Whatever is at fault, it appears to be the same issue as bug 213901. Did this bug show up under 2.6.18-1.2798.fc6 (bug 213901) on the same hardware or different hardware?
hrmph, dying in ext3's walk_page_buffers... the other was in journal_commit_transaction, either way looks like it could be ext-related. How reproducible is it? Can you get a dump?
looking at the disassembly, I -think- this looks like a page with a corrupted buffer. We wind up trying to follow a bh->b_this_page where bh is not an address (ff0f375aff0f375a) One other thing that bugs me is I think %rdx should contain the "from" variable passed in, and it's never changed, only tested.... but it contains 00000000ff0f375a (half of the above bad bh...) but the calling function only ever passes in 0. But, I could still learn a thing or two about x86_64 assy so I could be missing something. A dump would help here, I think.
This bug and bug 213937 are on the same hardware. Kernel 2.6.18-1.2739.el5 from RHEL 5 beta survived the same operation. My bugs may be related to http://people.redhat.com/esandeen/traces/ Have those ext3 bugs been fixed?
Yes, it could certainly be related... I didn't realize that the kernels you were testing didn't yet have that fix in them. :) The ext3 traces were from bug 209647 - and that fix for that should be in RHEL5 beta as of kernel-2.6.18-1.2739.el5 and later, so if it survived when you tested it, that's good news. The fix is -not- in 2.6.18-1.2200.fc5, but should be in the next update. I'm not certain when it will show up in a released FC6 kernel, but probably the next update if not already. How reliably could you reproduce it on the older kernels?
It happens every time when I copy more 10GB directory tree with "cp -af ..." under FC5/FC6 kernel.
Good to know, thanks. If it's 100% with those kernels, and 0% with the latest RHEL5 (and soon-to-be-released FC5/FC6 updates...) then it most likely is the same problem. Since you've seen it pass on RHEL5, can you test with later FC6 kernels too? 1.2798 and beyond in FC6 should have the fix too, see http://download.fedora.redhat.com/pub/fedora/linux/core/development/x86_64/os/Fedora/RPMS/ for example... Thanks, -Eric
See comment #2. 1.2798 in FC6 has a similar problem.
ah, sorry, missed that.

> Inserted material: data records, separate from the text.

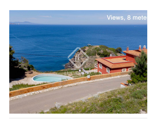
lucasfox.com/go/cbr60119 Sea views

This is a rare opportunity to build a dream home in one of the most picturesque and exclusive areas of the Costa Brava.
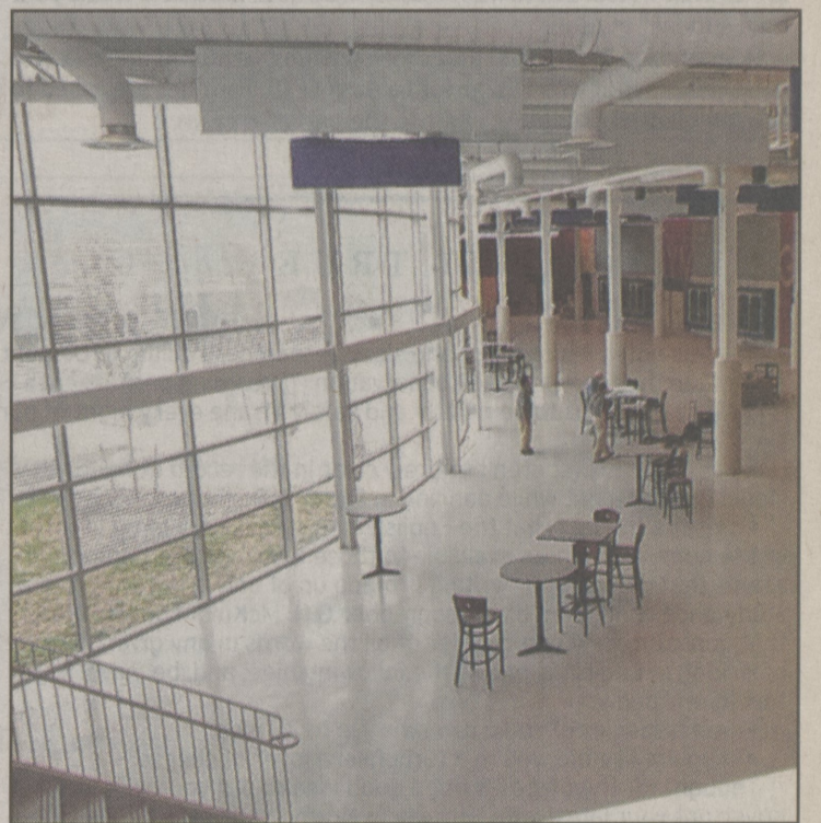
The interior courtyard will have drop-down TVs and an enclosed store where students can buy Dallas t-shirts and merchandise.
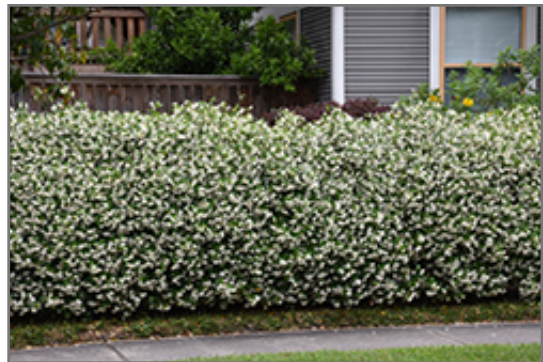
Confederate Star-Jasmine in bloom
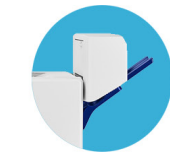
OPTIONAL BOOKLET MAKER FOR B4 FINISHER
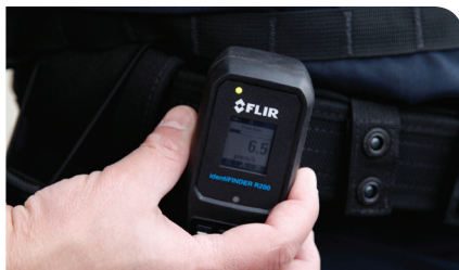
Belt-wearable for easy access
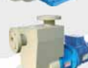
CSP MAG-P SERIES Flow up to 70 mc/h Head up to 32 m Self-Priming up to 4 m
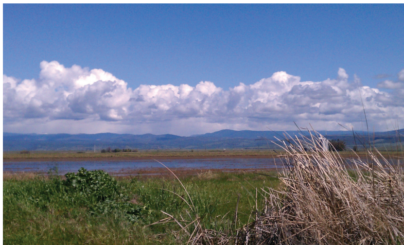
Fig. 6. A harvested field that is being flooded for the winter in the Northern Sacramento Valley. A common practice by growers when water availability is not an issue.

response between different production areas may be related to variation between rice varieties and the environmental conditions. This type of cultural control is impacted by the plant development as well as the pest population dynamics. In southern U.S. rice production, early planting has become an important tactic for avoidance of heavy infestations because weevil emergence from overwintering sites is not yet complete. By planting early, the grower is faced with a lighter weevil infestation that can be more easily managed with insecticides and therefore minimize yield losses compared with planting later in the season (Rice et al. 1999, Stout et al. 2011).
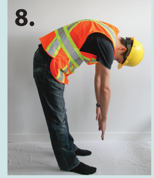
Forward Bend Stretch With knees slightly bent, bend forward with arms hanging. Hold for 5 seconds.
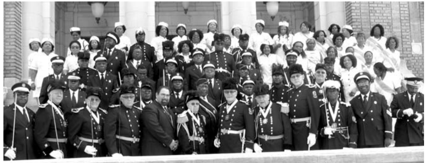
Knights and Ladies of the New York Grand after the Eucharistic Mass.
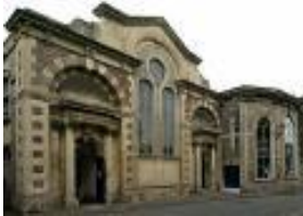
The Blakehay Centre

Following the huge success of last year's Festival, we have moved on to our next exciting project - yet another first for Weston! On Saturday 21 st March we are launching Green Talk@The Blakehay a day of inspiring talks and information at the Blakehay Centre in Wadham Street, Weston-super-Mare
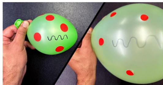
Figure 2 – Model of expanding universe with balloons and stickers

However the mathematical structure of general relativity is preserved and the machinery to affect the Fisher-Tully Law is placed in the free constant, the Cosmological “constant”. Metrics of the galaxy, considered as a Schwarzschild metric and a FLRW metric[1] shows that the non- g_{00} components of the former “swamp” the latter, such that near or within the galaxy, only matter, EM radiation and the energy density of some modified \rho_{vac} gravitate, with no expansion of space. The situation is akin to what is shown in figure 2.
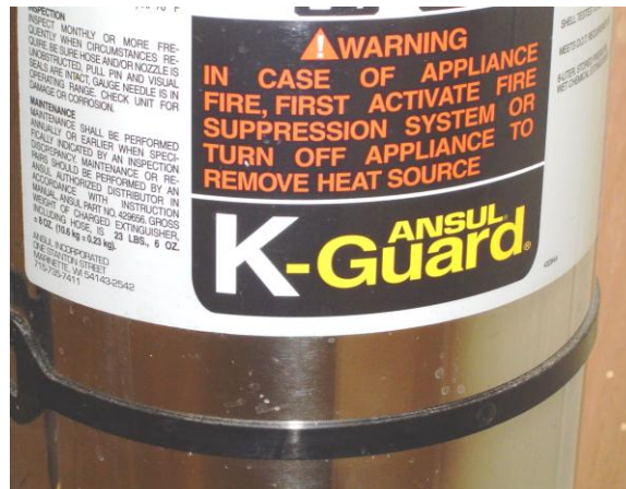
This is an example of a Class K fire extinguisher. Note the warning to only use after suppression system has been activated.

Many people are unaware that the majority of portable extinguishers are best suited for fighting very small or confined fires (in wastebasket for example). Some completely discharge in as few as eight seconds. This does not necessarily mean “the bigger the better” philosophy should be used, as larger extinguishers can be heavy and difficult to operate. For most buildings, an ABC-rated extinguisher is sufficient, but if you have a commercial kitchen consider installing a K-rated extinguisher there.

So you can hit this 100% of the time on 2.6.18-1.2798.fc6 but 0% of the time on kernel-2.6.18-1.2739.el5? odd... they both should have the previously mentioned ext3 fix in them. this bug and Bug #213901 do have slightly different signatures, they may not be the same thing... I'll see if I can hit this here, if so maybe I'll just do a search through the kernels, first, to see when it showed up. Thanks, -Eric
I am quite certain that both 2.6.18-1.2798.fc6 and 2.6.18-1.2200.fc5 panic when I copy big tree while kernel-2.6.18-1.2739.el5 is OK. Looking at kernel changelog, it doesn't look like kernel-2.6.18-1.2798.fc6 has the fix in kernel-2.6.18-1.2739.el5. Does 1.2814 FC6 kernel in devel have the fix in ELF? [root@gnu-2 yum.repos.d]# rpm -q --changelog kernel-2.6.18-1.2798.fc6 | head -10 * Mon Oct 16 2006 Dave Jones <davej> - Silence another noisy boot-time printk. (#210810) - Remove broken VIA quirk that prevented booting on some EPIAs (#210817) - Fix JBD crash with 1K blocksize filesystems. (#209005) [root@gnu-4 export]# rpm -q --changelog kernel-2.6.18-1.2739.el5 | head -10 * Thu Oct 26 2006 Don Zickus <dzickus> [2.6.18-1.2739.el5] - SHPCHP driver doesn't work (Keiichiro Tokunaga) [210478] - ext3/jbd panic (Eric Sandeen) [209647] - Oops in nfs_cancel_commit_list (Jeff Layton) [210679] - kernel Soft lockup detected on corrupted ext3 filesystem (Eric Sandeen) [212053] - CIFS doesn't work (Steve Dickson) [211070]
the changelogs don't quite look the same, but: - Fix JBD crash with 1K blocksize filesystems. (#209005) and - ext3/jbd panic (Eric Sandeen) [209647] are actually the same issue, bug 209005 and bug 209647 are clones, one for fc6 and one for rhel5. I'm not sure what you mean by "the fix in ELF?" Oh... EL5? Yes, it does: [esandeen@host esandeen]$ rpm -qp --changelog kernel-2.6.18-1.2814.fc6.src.rpm | grep "209005\|209647" - Fix JBD crash with 1K blocksize filesystems. (#209005)
*** Bug 213901 has been marked as a duplicate of this bug. ***
2.6.18-1.2837 from FC6 fixes the problem for me.
Good news, thanks. Out of curiosity, does the filesystem being served have a block size < page size?
No, I am using the default 4K block size on Intel64.
should be fixed in 2.6.18-1.2239.fc5 now in updates.